Figure: LinDA Visualization Workflow UI consisting of the following steps: (a) Select visualization; (b) Configure visualization; (c) Customize visualization; (d) Visualize data; (e) Export visualization; (f) Save visualization configuration; (g) Embed visualization into a website

Architecture

LinDA Visualization is a part of the LinDA Ecosystem of Linked Data consumption applications, as illustrated in Figure 3, and consists of the following components:

  • A configuration component for coordinating the steps necessary for configuring and consuming a visualization of a given dataset in RDF or tabular format.
  • A recommendation component (under development) for determining the compatibility between the selected dataset and the available visualizations and suggesting a list of visualizations accordingly.
  • A library of visualization widgets that contains:
    • Configurable visualizations: Charts, maps, timelines
    • Arbitrary-data visualizations: Graphs, tables
  • A triplestore for storing metadata about:
    • Visualization widgets: Configuration options, input data format and thumbnails
    • Data sources: Location and format
    • Visualization configurations (for later reuse)
  • An interface to the Linda Linked Data API for slicing, searching and filtering RDF data sources (not developed yet).


Image vv2.png

Figure: LinDA Visualization in context of the LinDA Publication and Consumption Ecosystem


The visualization workflow UI is realized as a JavaScript client-side web-application based on the web application framework Ember.js. For the implementation of the JavaScript-based visualization widgets the following visualization libraries were used:

  • Charts: C3.js/D3.js and Google Charts API
  • Maps: Leaflet/OpenStreetMap
  • Tables: DataTables
  • Graphs: vis.js (not integrated yet)
  • Timeline: vis.js(not integrated yet)

The backend for the visualization workflow is realized in Node.js, a JavaScript framework used for developing server-side applications and consists of the recommendation component, data management and a proxy for communicating with SPARQL services such as Virtuoso Open Source triplestore.
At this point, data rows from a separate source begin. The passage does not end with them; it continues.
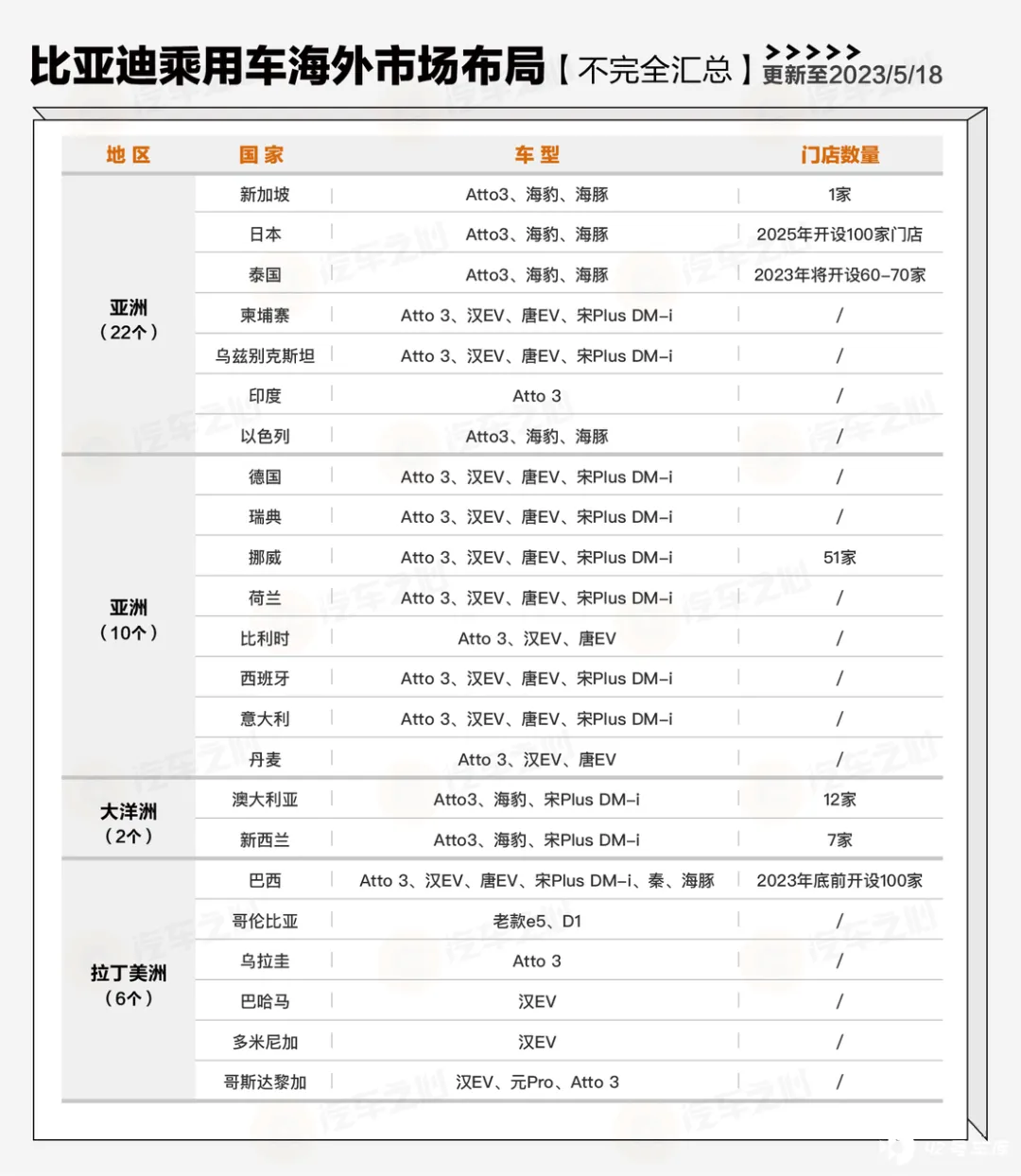 - 亚洲 市场:比亚迪计划到 2023 年要建成 70 家 门店。
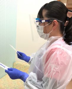 マスクとゴーグルを常に装着し、一処置のたびに使い捨てガウン・手袋の交換、手洗い・手指消毒を念入りに行っています。
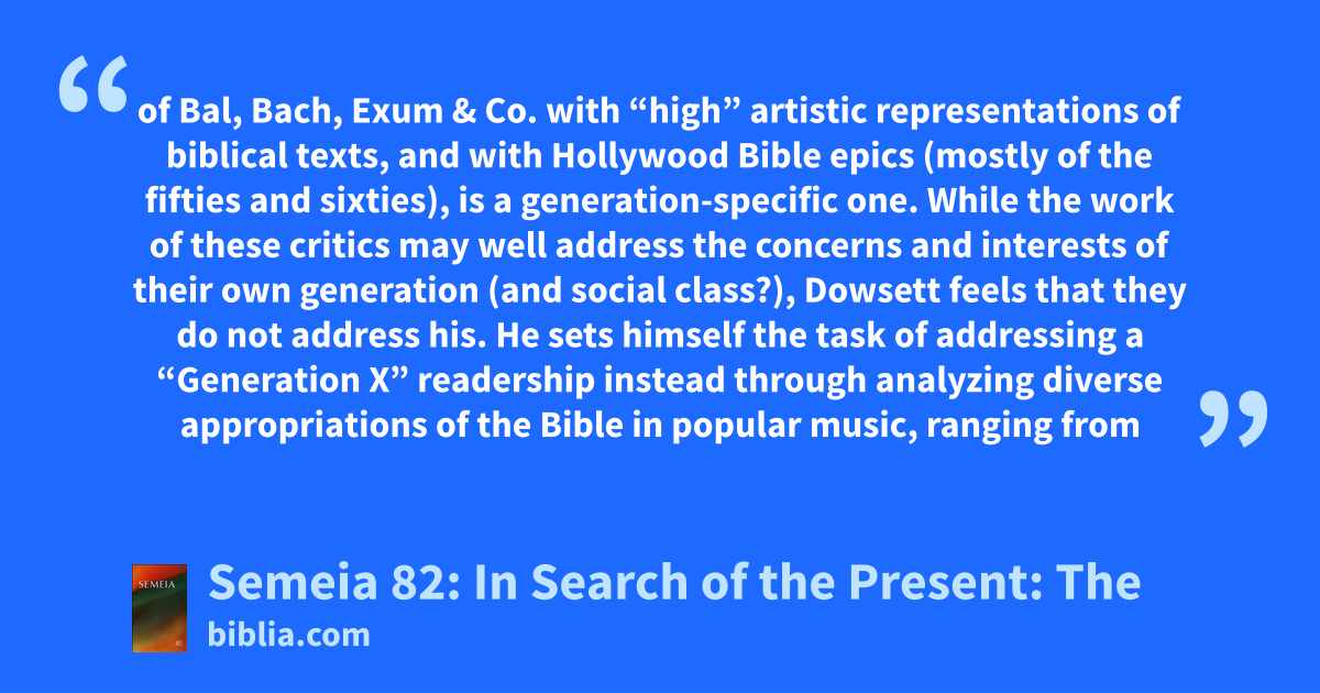 of Bal, Bach, Exum & Co. with “high” artistic representations of biblical texts, and with Hollywood Bible epics (mostly of the fifties and sixties), is a generation-specific one. While the work of these critics may well address the concerns and interests of their own generation (and social class?), Dowsett feels that they do not address his. He sets himself the task of addressing a “Generation X” readership instead through analyzing diverse appropriations of the Bible in popular music, ranging from
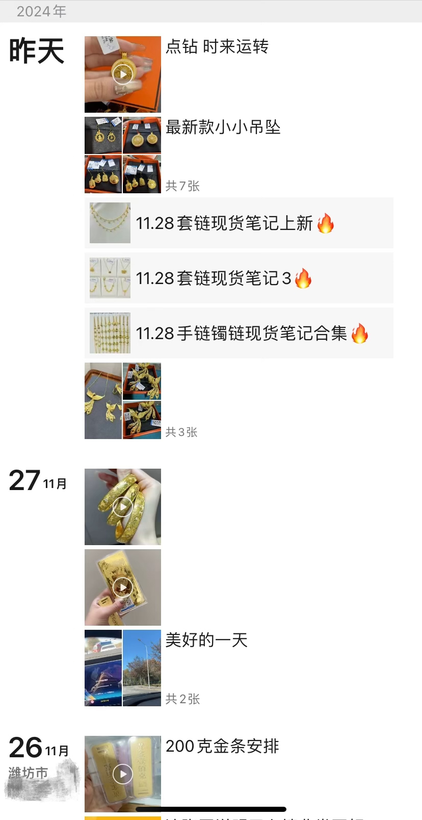 被抢劫的金店老板朋友圈里,昨天(11月28日)还在正常发布产品介绍的图片、视频。受访者供图
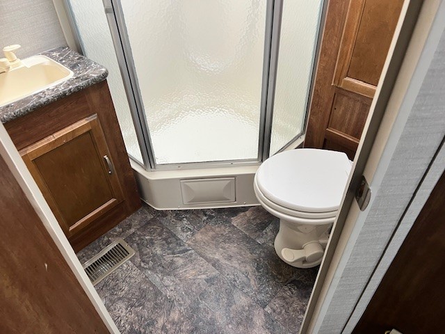The bath features a corner shower, toilet, sink, and linen cabinet.
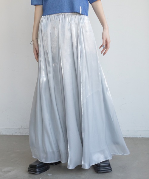 2024 VACANCY SUMMER COLLECTION 【再入荷】新色”SILVER”と”BLUE”を加えて再販スタート‼ ◆FABRIC シャイニー感のある生地で女性らしくMODEを楽しめるロングスカート。 ウエストゴムで楽ちんに着脱しやすく 艶感のあるシャイニー加工が華やかにしてくれるアイテム。 タックを多く付けることでランダムなシルエットになり 動くたびに様々な表情を見せてくれるスカートです◎ フレアシルエットながら落ち感のある生地が大人らしく さり気なく裾が透けることで涼しげな印象にしてくれます。 ※ウエストゴム部分を折り返すことで長さの調節が可能です。 ◆STYLE 定番で持っておきたいブラックに近いネイビーは、 カラーアイテムやモノトーンカラーでモードな印象に。 ブラウスと合わせるとキレイめスタイルになり、オケージョンとしてもオススメ。 爽やかなブルーは、コーディネートのポイントになり明るい印象に。 デニムシャツでワントーンコーデやトレーナーなどカジュアルアイテムとの相性も良くラフコーデにもオススメ! 上品なシルバーは、カラーアイテムやモノトーンカラーと合わせるだけで お洒落な印象にしてくれる今季注目のカラー◎ シアートップスやショート丈のトップスなどと合わせてトレンドライクなスタイルに。 ・・・・・・・・・・・・・・・・・・・・ 透け感:裾のみ 裏地:あり 伸縮性:あり 光沢感:あり 生地の厚さ:薄め ・・・・・・・・・・・・・・・・・・・・ 【お買い物をお楽しみいただく為に】 ▼お気に入り登録をオススメ致します▼ ♡をクリックして下さい。 ・《商品のお気に入り登録》で再入荷通知や、ラスト1点の通知、セールの際の通知も受け取ることができます。 ・《ブランドのお気に入り登録》で新作商品や再入荷など、お得な情報を受け取ることができます! 【ATTENTION】 ※画像の商品はサンプルです。 実際の商品と色味、仕様、加工、サイズ、素材等が若干異なる場合がございます。 ※撮影場所やお使いのモニター環境により若干お色味が異なる場合がございます。 ※製品によっては染料の特性上、湿った状態や汗をかいた状態での長時間の放置、または摩擦により、他のものへ色移りする恐れがありますので、着用時にはご注意下さい。 ※お洗濯については商品の洗濯タグ表記をご確認ください。 ※風通しがよく、湿気の少ない日の当たらない場所で保管して下さい。 ※また製品加工上、お手元に届く際に匂いが生じる場合がありますが、 ご使用を続けていく事により匂いは軽減されます。

The visualization workflow can be invoked from any other component within the LinDA workbench by specifying the name, location and format of the selected dataset in the visualization route (URI fragment).

Future Work

In the future we plan to: (1) improve the approach for automatically recommending visualizations and binding data of different formats and vocabularies, with the goal of providing SMEs with an intuitive way of configuring and visualizing Linked Data (2) integrate the LinDA Linked Data API in order to provide user-friendly previews and overviews in form of summaries of the selected RDF datasets and to reduce the amount of data by slicing, searching and filtering relevant data (3) fully integrate the developed ontologies for describing data sources and visualizations into the visualization workflow (4) improve the user experience by optimizing the configuration templates for selecting and exploring RDF data, and (5) conduct an extensive evaluation through a user study.